King of Sweden from c. 1156 to 1160

Saint Erik (c. 1125 – 18 May 1160), also called Eric IX (Note: Referring to Erik Jedvardsson as King Erik IX is a later invention, counting backwards from Erik XIV (1560–1568). Erik XIV and his brother Charles IX (1604–1611) adopted numerals according to a fictitious history of Sweden. The number of Swedish monarchs named Erik before Erik XIV (at least seven) is unknown and none of them used numerals. It would be speculative to try to affix a mathematically accurate one to this king.) or Erik Jedvardsson (Note: Other names include Erik the Holy, and Erik the Lawgiver.
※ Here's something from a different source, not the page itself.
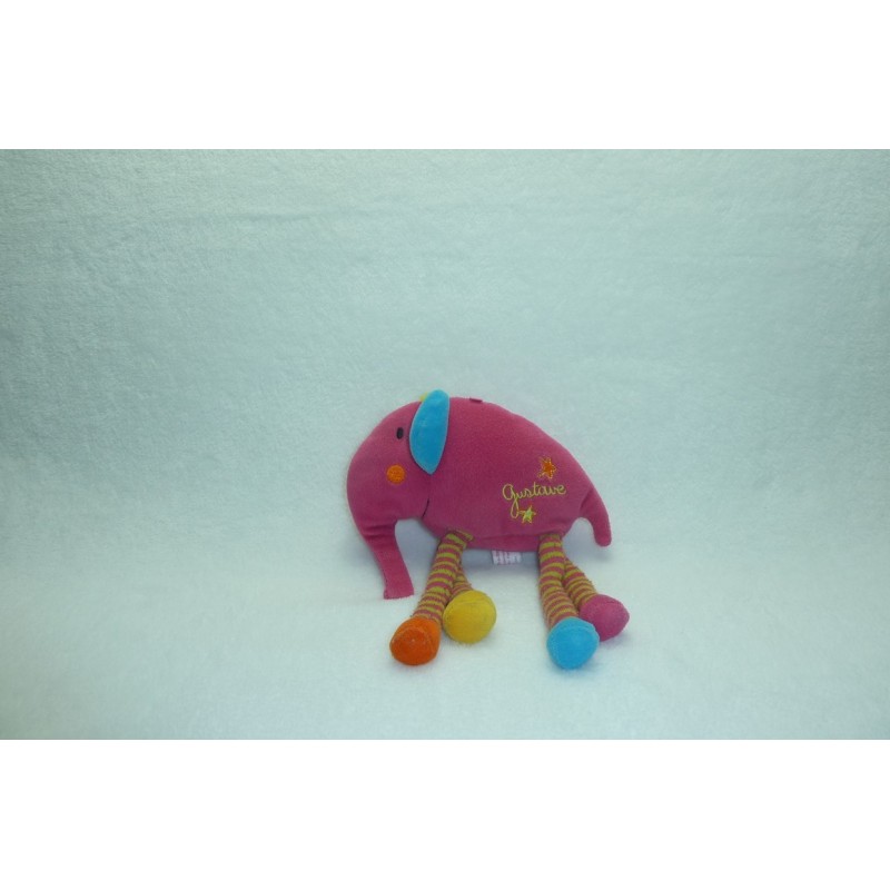Description du doudou : Doudou semi plat éléphant de Augusta du Bay, 18 cm de hauteur, billes dans le ventre et les jambes, grelot. Coloris : fuschia, rayures, Gustave et étoiles brodés. Doudou super doux. Etat : Très bon état (bouloches au jambes, rien de méchant). Produit original. DOUDOU DIFFICILE A TROUVER

Modern Swedish names include Erik den helige or Sankt Erik.) was King of Sweden from c. 1156 until his death in 1160. The Roman Martyrology of the Catholic Church names him as a saint memorialized on 18 May. He was the founder of the House of Erik, which ruled Sweden with interruptions from c. 1156 to 1250.

==Background==
As later kings from the House of Erik were consistently buried at Varnhem Abbey near Skara in Västergötland, Erik's family is considered to have Geatish roots like other medieval ruling houses in Sweden. Osteological investigations of Erik's remains suggest that he may have lived the last 10–15 years of his life in Västergötland rather than in Uppland where he died. On the other hand, the only manor he is known to have possessed is situated in Västmanland in Svealand. Eriksberg in central Västergötland has been suggested as the original family manor.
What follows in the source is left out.